▶ [Provided data]
>>>

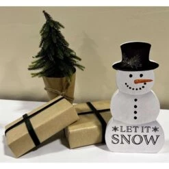 P Graham Dunn Black/White Snowman Let It Snow Table Decor 7 In.
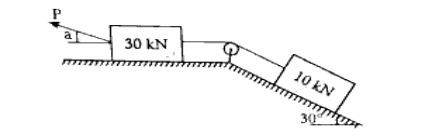 a) Find the least value of P required to cause the system of blocks shown in Figure to have impending motion to the left. The coefficient of friction under each block is 0.20. (Unit 4)
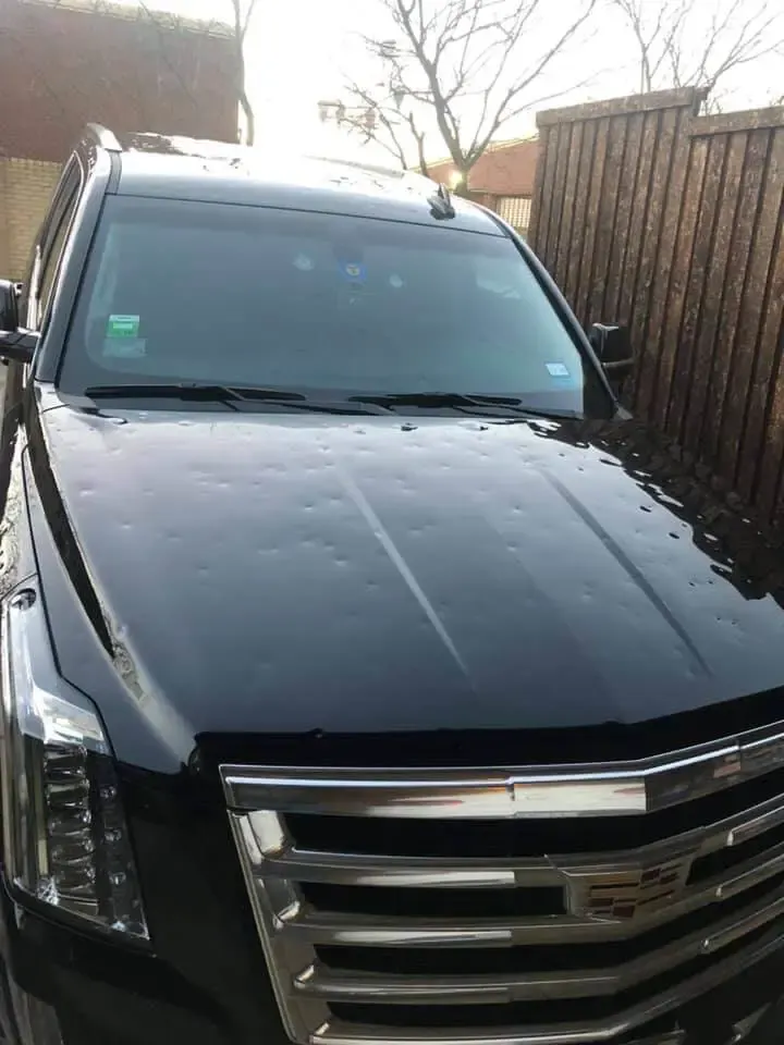 The poor Cadillac Escalade was completely peppered in dents from the heavy hail that poured from the sky.

<<<

▶ [Exercise details] Would you return the whole listing exactly, without the pictures?

▶ [Solution to the problem]
 P Graham Dunn Black/White Snowman Let It Snow Table Decor 7 In.
 a) Find the least value of P required to cause the system of blocks shown in Figure to have impending motion to the left. The coefficient of friction under each block is 0.20. (Unit 4)
 The poor Cadillac Escalade was completely peppered in dents from the heavy hail that poured from the sky.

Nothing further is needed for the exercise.